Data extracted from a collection
########################################

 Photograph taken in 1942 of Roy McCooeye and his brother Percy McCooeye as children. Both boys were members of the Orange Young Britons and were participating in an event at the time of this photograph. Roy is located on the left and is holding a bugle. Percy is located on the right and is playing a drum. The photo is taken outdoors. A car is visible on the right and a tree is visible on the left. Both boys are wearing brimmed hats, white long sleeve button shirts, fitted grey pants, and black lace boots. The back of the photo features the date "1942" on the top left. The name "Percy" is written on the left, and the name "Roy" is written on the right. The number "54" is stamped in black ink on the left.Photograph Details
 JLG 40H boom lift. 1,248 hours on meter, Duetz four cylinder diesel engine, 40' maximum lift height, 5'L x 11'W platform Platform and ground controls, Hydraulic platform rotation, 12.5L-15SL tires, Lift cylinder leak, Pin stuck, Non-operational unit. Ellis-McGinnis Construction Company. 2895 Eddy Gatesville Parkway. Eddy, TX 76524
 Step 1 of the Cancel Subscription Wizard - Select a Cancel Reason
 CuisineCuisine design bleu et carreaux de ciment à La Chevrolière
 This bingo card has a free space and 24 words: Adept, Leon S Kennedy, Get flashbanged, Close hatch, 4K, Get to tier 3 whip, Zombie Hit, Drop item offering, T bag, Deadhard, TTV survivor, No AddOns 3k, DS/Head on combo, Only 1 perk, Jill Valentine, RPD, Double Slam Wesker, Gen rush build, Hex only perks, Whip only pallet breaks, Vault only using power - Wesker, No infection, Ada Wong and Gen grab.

########################################

--- Exercise prompt ---
Retype all of the entries exactly, please.

--- Solution to this problem ---
 Photograph taken in 1942 of Roy McCooeye and his brother Percy McCooeye as children. Both boys were members of the Orange Young Britons and were participating in an event at the time of this photograph. Roy is located on the left and is holding a bugle. Percy is located on the right and is playing a drum. The photo is taken outdoors. A car is visible on the right and a tree is visible on the left. Both boys are wearing brimmed hats, white long sleeve button shirts, fitted grey pants, and black lace boots. The back of the photo features the date "1942" on the top left. The name "Percy" is written on the left, and the name "Roy" is written on the right. The number "54" is stamped in black ink on the left.Photograph Details
 JLG 40H boom lift. 1,248 hours on meter, Duetz four cylinder diesel engine, 40' maximum lift height, 5'L x 11'W platform Platform and ground controls, Hydraulic platform rotation, 12.5L-15SL tires, Lift cylinder leak, Pin stuck, Non-operational unit. Ellis-McGinnis Construction Company. 2895 Eddy Gatesville Parkway. Eddy, TX 76524
 Step 1 of the Cancel Subscription Wizard - Select a Cancel Reason
 CuisineCuisine design bleu et carreaux de ciment à La Chevrolière
 This bingo card has a free space and 24 words: Adept, Leon S Kennedy, Get flashbanged, Close hatch, 4K, Get to tier 3 whip, Zombie Hit, Drop item offering, T bag, Deadhard, TTV survivor, No AddOns 3k, DS/Head on combo, Only 1 perk, Jill Valentine, RPD, Double Slam Wesker, Gen rush build, Hex only perks, Whip only pallet breaks, Vault only using power - Wesker, No infection, Ada Wong and Gen grab.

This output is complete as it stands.